Employee entitlements refer to payments or benefits owed to employees under Australian employment law (primarily the Fair Work Act 2009) and any applicable awards, agreements, or contracts. Here’s a breakdown of the most common entitlements you need to consider:

1. Accrued Annual Leave

This includes any unused paid leave that employees are entitled to at the time of sale. If an employee’s contract ends, any unused annual leave must be paid out. If they transfer to the new owner, this accrued leave typically carries over.

2. Long Service Leave (LSL)

Long service leave applies to employees who have worked for an extended period with the same business (typically 10 years, but as few as 5–7 years in some states). Both full entitlements and pro-rata entitlements need to be calculated.

For example:

  • Full entitlement might include 8.67 weeks of paid leave after 10 years.
  • Pro-rata entitlement applies to employees with significant tenure but less than the required full entitlement period, depending on state laws.

3. Outstanding Wages

Any unpaid wages, commissions, penalty rates, or overtime owed to employees must be settled at the time of sale.

4. Redundancy Pay

For businesses with 15 or more employees, redundancy pay applies if staff are terminated due to the sale.

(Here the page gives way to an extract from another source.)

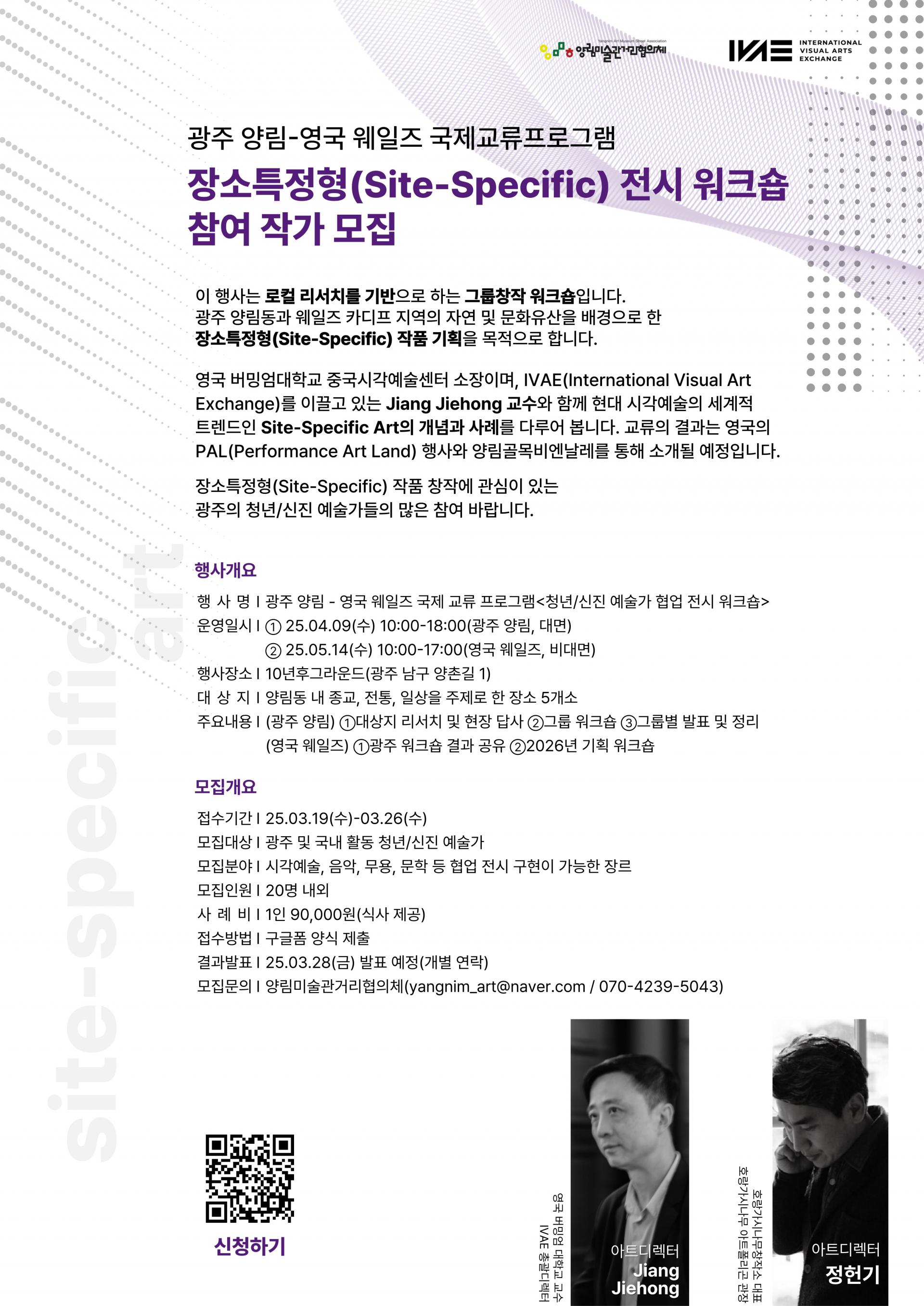 📢광주 양림-영국 웨일즈 장소특정형 전시 워크숍에 참여할 예술가를 모집합니다.

Small businesses (fewer than 15 employees) are generally exempt. The redundancy payment is based on an employee’s length of service.

5. Payment in Lieu of Notice

If employment is terminated without the required notice period, employees must be paid for this time instead.

6. Sick Leave

Unused personal leave is generally not paid out unless explicitly stated in the employee’s contract or award.

Understanding these components will help you determine what entitlements apply to your workforce during the sale.

Key Steps to Manage Employee Entitlements When Selling

To effectively handle employee entitlements, follow these actionable steps:

1. Evaluate Employee Entitlements

Start with a clear assessment of what each employee is owed. Review their employment records, including time worked, leave balance, and applicable awards. Online tools like the Fair Work Ombudsman’s Pay Calculator and Leave Calculator can help simplify this process.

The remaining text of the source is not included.